Acute effect of hemodialysis on serum levels of the proinflammatory cytokines

1Department of Biochemistry and Clinical Biochemistry, Gaziantep University, Medicine Faculty, Şehitkamil Gaziantep, Gaziantep 27310, Turkey
2Department of Nephrology, Gaziantep University, Medicine Faculty, Şehitkamil Gaziantep, Gaziantep 27310, Turkey

Copyright © 2003 Hindawi Publishing Corporation. This is an open access article distributed under the Creative Commons Attribution License, which permits unrestricted use, distribution, and reproduction in any medium, provided the original work is properly cited.

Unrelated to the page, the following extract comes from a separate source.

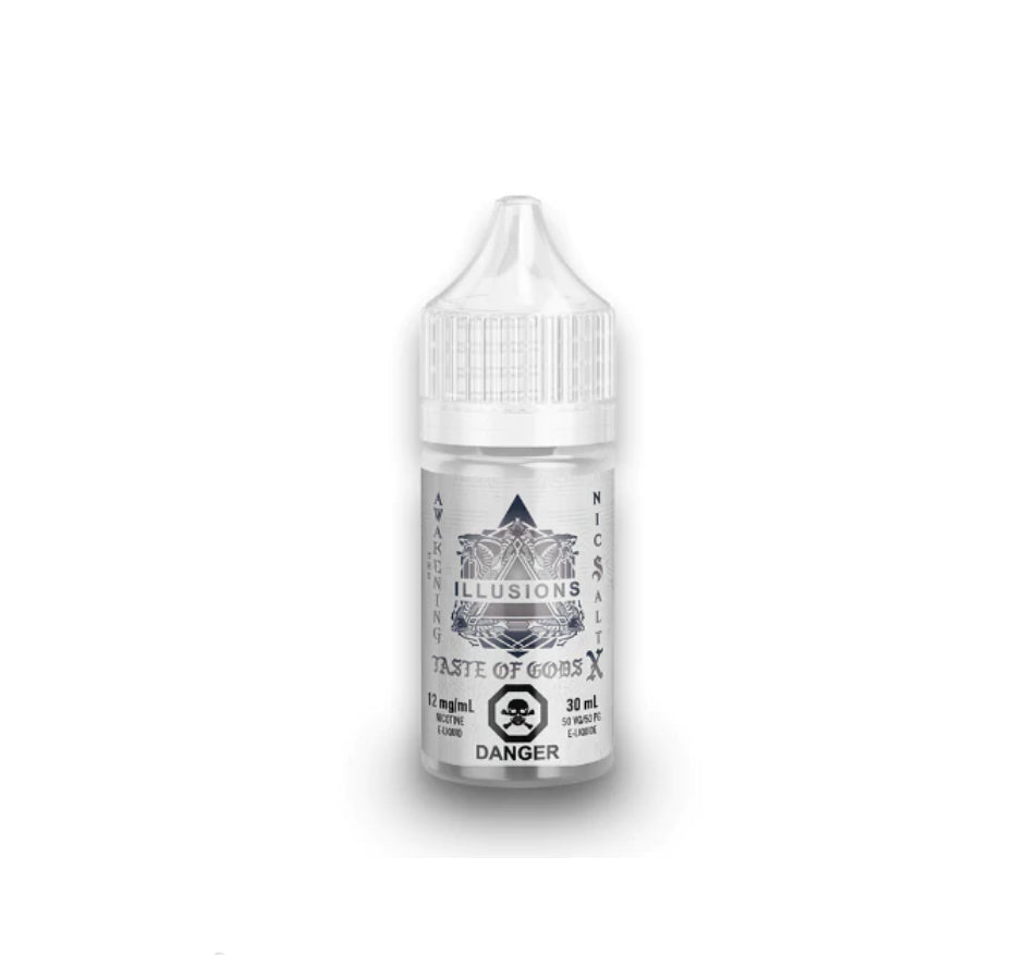 Illusions Taste Of Gods X Salt Nic est disponible en bouteilles de 30 ml et en mélange de sels de nicotine 50VG / 50PG.

Chronic inflammation is a common feature of end-stage renal disease, which carries a heightened risk of atherosclerosis and other co-morbid conditions. Dialysis treatment per se can bring additional risk factors for inflammation, such as increased risk of local graft and fistula infections, impure dialysate or bio-incompatible membranes. Our study was designed to determine whether a hemodialysis session leads to an acute substantial alteration in the plasma levels of the proinflammatory cytokines interleukin (IL)-6, IL-1β and tumor necrosis factor (TNF)-α, the T-lymphocyte activation factor soluble IL-2 receptor (sIL-2R), and an inflammation mediator and chemotactic granulocyte factor, IL-8, in end-stage renal disease patients receiving chronic intermittent HD. In this study, 21 (12 male/nine female) patients undergoing chronic hemodialysis were enrolled. The acute effect of a hemodialysis session on serum cytokine concentrations was assessed by comparison of pre-hemodialysis and post-hemodialysis determinations. Serum IL-1β, sIL-2R, IL-6, IL-8 and TNF-α levels were determined with chemiluminescence enzyme immunometric assays.

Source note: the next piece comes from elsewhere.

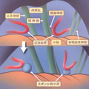 手術は全身麻酔のもとで、手術用の顕微鏡を用いて圧迫している血管を神経より慎重に遊離し、血管がふたたび神経を圧迫しないようにします。手術時間は、全身麻酔を含めて大体4~5時間位です。術後7~8日に退院が出来ます。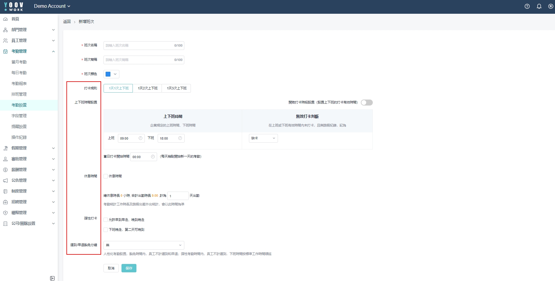 操作步骤: 1.[考勤管理]>[考勤设置]>[班次管理]>[新增班次] 2. 填写班次名称、班次简称,选择班次颜色。颜色将会显示于员工排班表上,便于识别不同的班次,所以在建立时请尽量避免选用类近颜色。 3. 设定打卡规则、打卡有效时间、无效打卡判断、休息时间、班次出勤时长、弹性打卡规则、迟到/早退豁免时间,点击 「提交」 班次设定说明。

A significant difference was not observed for IL-1β, IL-6, TNF-α, and sIL-2R concentrations in pre-hemodialysis and post-hemodialysis specimens (p>0.05). Serum median (25th-75th percentiles) IL-8 concentration was 69.4 (34.9-110.3) pg/ml before hemodialysis, and decreased to 31.5 (18.0-78.8) pg/ml following hemodialysis (p:0.006). Clearance of IL-8 increased by 0.47±0.08 pg/ml for each unit increase in pre-dialysis IL-8 (p<0.001) and decreased by 5.63±2.59 pg/ml for each unit increase in pre-dialysis urea mmol/l (p<0.05).

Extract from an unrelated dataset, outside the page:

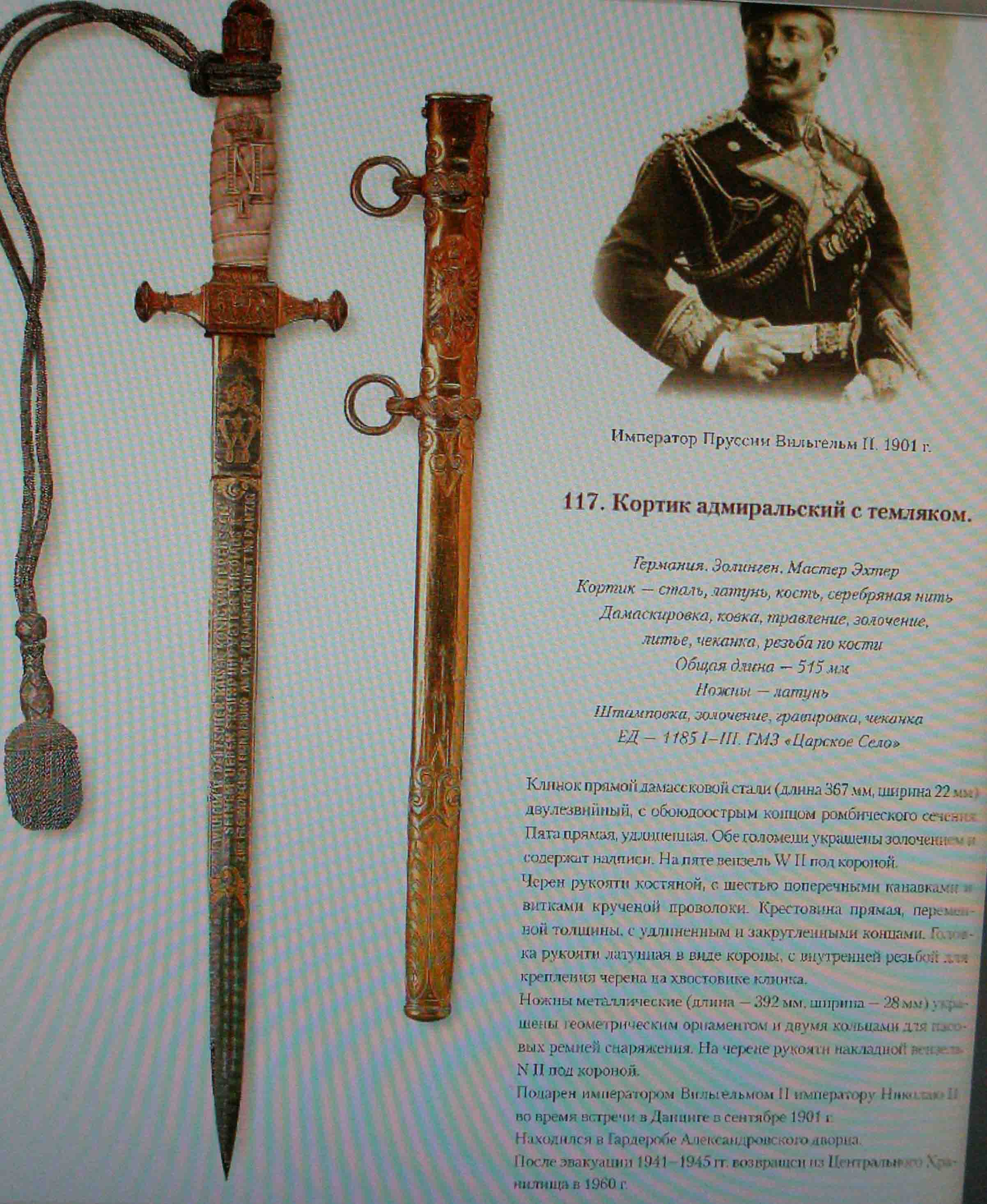 Как и обещал, позвонил сейчас Ввведенскому - руководителю отдела оружия в Царском селе, моему хорошему знакомому и вообще прекрасному человеку. Он мне все рассказал, его уже задолбали звонками. История такова: в первой половине 90-х, когда была полная ж.... и музеи просто голодали, тогдашнее руководство приняло решение изготовить некоторое кол-во копий самых ценных экспонатов, штук по 10-15 на продажу, чтобы подкормить коллектив. Там и награды, и украшения, и оружие. Делали их реставраторы с изменением размеров и некоторых деталей для четкой атрибуции в случае чего. К каждому предмету полагался сертификат, на оружие их выписал сам Введенский, все было сделано честно, хотя сам Георгий Эдишерович возражал против копий. Вот собственно и вся история. Жаль коллекционера, но сам виноват, покупая такие предметы надо их тщательно атрибутировать и обязательно получить провенанс, без которого такой предмет пустышка.

In conclusion, the results of our study demonstrate that a hemodialysis session markedly decreases IL-8 concentration, which is significantly affected by pre-dialysis concentrations, indicating that removal of IL-8 is a concentration gradient-dependent action, but does not change the serum levels of IL-1β, sIL-2R, IL-6, and TNF-α, underlining importance of the structural characteristics of the molecules.